The latest batch of five-minute shows is up at Channel 101, the L.A.-based “untelevised TV network” founded by Dan Harmon and Rob Schrab, two goofballs who are best known for having sprung Heat Vision and Jack on an indifferent world (and, more specifically, on indifferent Fox executives). Anyone can submit a five-minute pilot to Channel 101; the least sucky submissions are then shown at the next live monthly screening, where the next “primetime lineup” is determined by audience vote. The primetime shows are placed online, as is the occasional “failed pilot.” Most of the shows are fond parodies of bad TV. Some of them are pretty atriocious—productionwise, actingwise, scriptwise—but many are hilarious, and sometimes it’s the atrociousness that makes them so hilarious. A lot of them are the work of underemployed actor/comedians and pop-culture geeks who like to fuck around with cheap video cameras.

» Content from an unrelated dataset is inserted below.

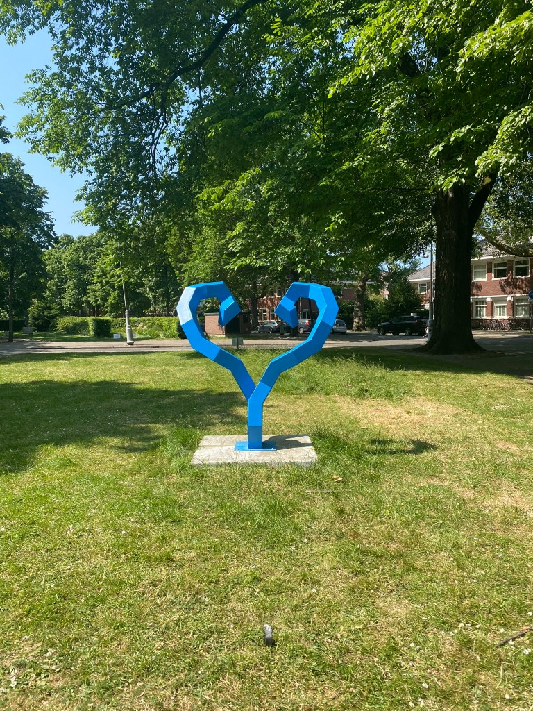 - Terug naar dat blauwe beeld. Het gebroken hart vond ik niet onaannemelijk, maar ik bij moderne kunst mag je zelf ook gissen. Ik koos er voor om dit beeld te zien als twee zielen, ontsproten uit de aarde, die het alleen probeerden, wilden leren, de weg kwijtraakten en mekaar weer aan wilden raken om zo congruent te worden. Maar ik ben een optimist.

You should check out at least two of Channel 101’s shows this month. First and funniest is the premiere episode of Yacht Rock, a show devoted to exploring a little-understood rock genre that flourished from the mid-’70s to the early ’80s. The show’s debut is a fictionalized retelling of the story behind Michael McDonald’s Doobie Brothers hit “What a Fool Believes,” which, honest to god, for real, was co-written by Kenny Loggins. Who knew that Kenny Loggins co-wrote that song? I did not know this; I had to go to Google to confirm that it’s actually true. Nor did I really want to know this information, because I eventually could have used that part of my brain to store something useful. But Yacht Rock is really funny, complete with a drunk and depressed Jim Messina, a scarily accurate Jeff “Skunk” Baxter, and a belligerent John Oates, who hurls the epithet “California vagina sailors” at McDonald and his bandmates. Check it out:
Second, the cheesy, very low budget sci-fi show The Most Extraordinary Space Investigations stars Dan Harmon, House of Cosbys creator Justin Roiland, and Sarah Silverman as stoner space cowboys who do bong hits before strapping themselves into their fighters to go off on their missions. It’s cool that Silverman is game for such sophomoric shenanigans.
Some people in New York have started a similar project called Channel 102; the next Channel 102 screening is on Monday, July 25, at the Upright Citizens Brigade Theatre.